Happy Saturday! I wish it was brighter out. Unfortunately, it's quite cold and dreary. This morning, I woke up at 8 (an hour later than I'd wanted) and had some ultra dark French Roast (that I freshly grinded at Trader Joe's last night!) and chatted on the phone with Stefi about dreams. I had a weird one last night.
I was considering a trip to the gym this morning, which is why I set my alarm for 7, but I worked myself really hard Tuesday-Friday and felt like my body would benefit more from a break than a run. Fridays are tough because I teach three classes and do 30-60 minutes of my own workout. Makes me tired!
I am really looking forward to this evening. I'm going to Julia's to watch Twilight with her and her sister, Kyla. Julia's never seen it! It will be fun. Speaking of movies, and movies that are about to come out, I am getting a little concerned for SATC2. I haven't heard much hype about it, and I just don't know if it's going to be very good.

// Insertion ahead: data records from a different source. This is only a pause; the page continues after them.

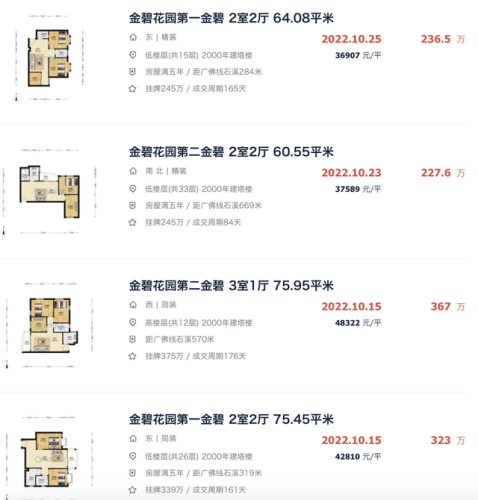 2、地理条件相对优越,比如棠德花苑、金碧花园等中心区的二手房;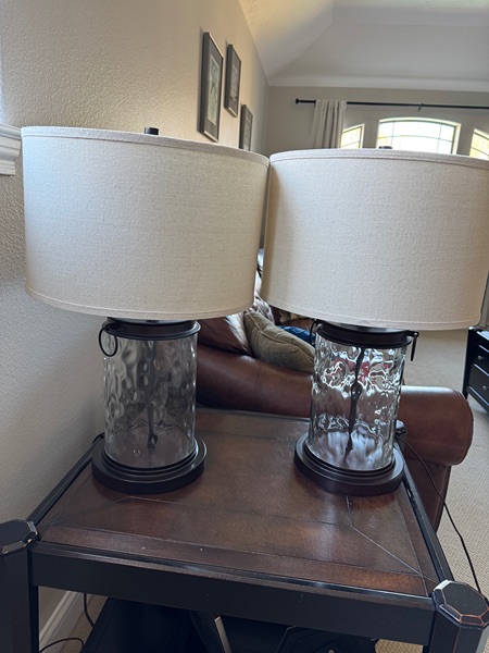 Set of 2 Glass cylinder table lamps, 25 inches tall with shades, 16 inch diameter with shades.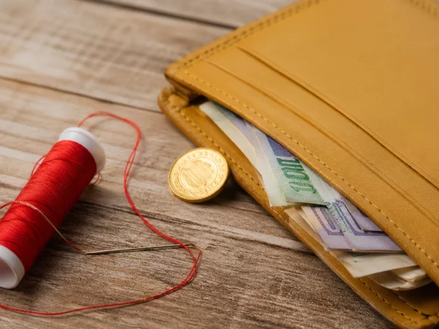 Протягніть нитку в голку і зробіть кілька акуратних стібків на внутрішній частині гаманця або на шматочку тканини, який потім покладіть усередину. Важливо робити це спокійно, без поспіху, подумки фіксуючи ідею стабільності та зростання.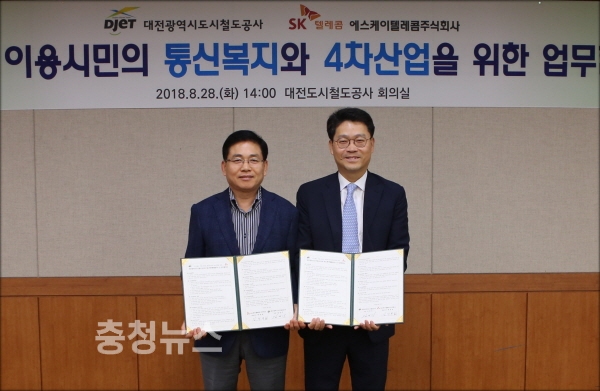 대전도시철도공사(사장 김민기)는 28일 SK텔레콤(중부인프라본부장 김정복)과 MOU를 체결하고 최고의 통신환경 제공으로 도시철도 이용 고객의 통신만족도 향상과 지역 사회공헌에 적극 협력하기로 했다.
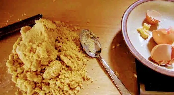 - Now add the egg and sugar mixture and the butter at room temperature.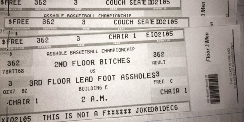 Along with their note, her neighbors created fake tickets to a "basketball game" in their apartment and assigned everyone "couch seats" in "Building E."

I mean, I've seen trailers where the girls are riding a camel through the desert. What is that all about? I haven't even decided if I'm going to waste $11 on going to see it. Maybe I will just wait to see if it comes to the Mission or Laurelhurst.
I'm so sick of rain. I wish I was in Virginia with Keith. I am starting to miss him. The first few days have been nice, but now I am starting to get lonely. He will be home on Tuesday night.
There are some people whose energy levels I just don't know how to handle. A woman came into my store earlier and was really high strung. She would ask me a question, and before I could spit out an answer she was on to something else. She also spoke really fast. Calm down, honey. I can't understand you! Also, I had these two couples (European, I think) who couldn't do anything but bitch about things being made in China. I can't even begin to tell you how irritating it is to hear that over and over. Blah Blah Blah. In one ear and out the other.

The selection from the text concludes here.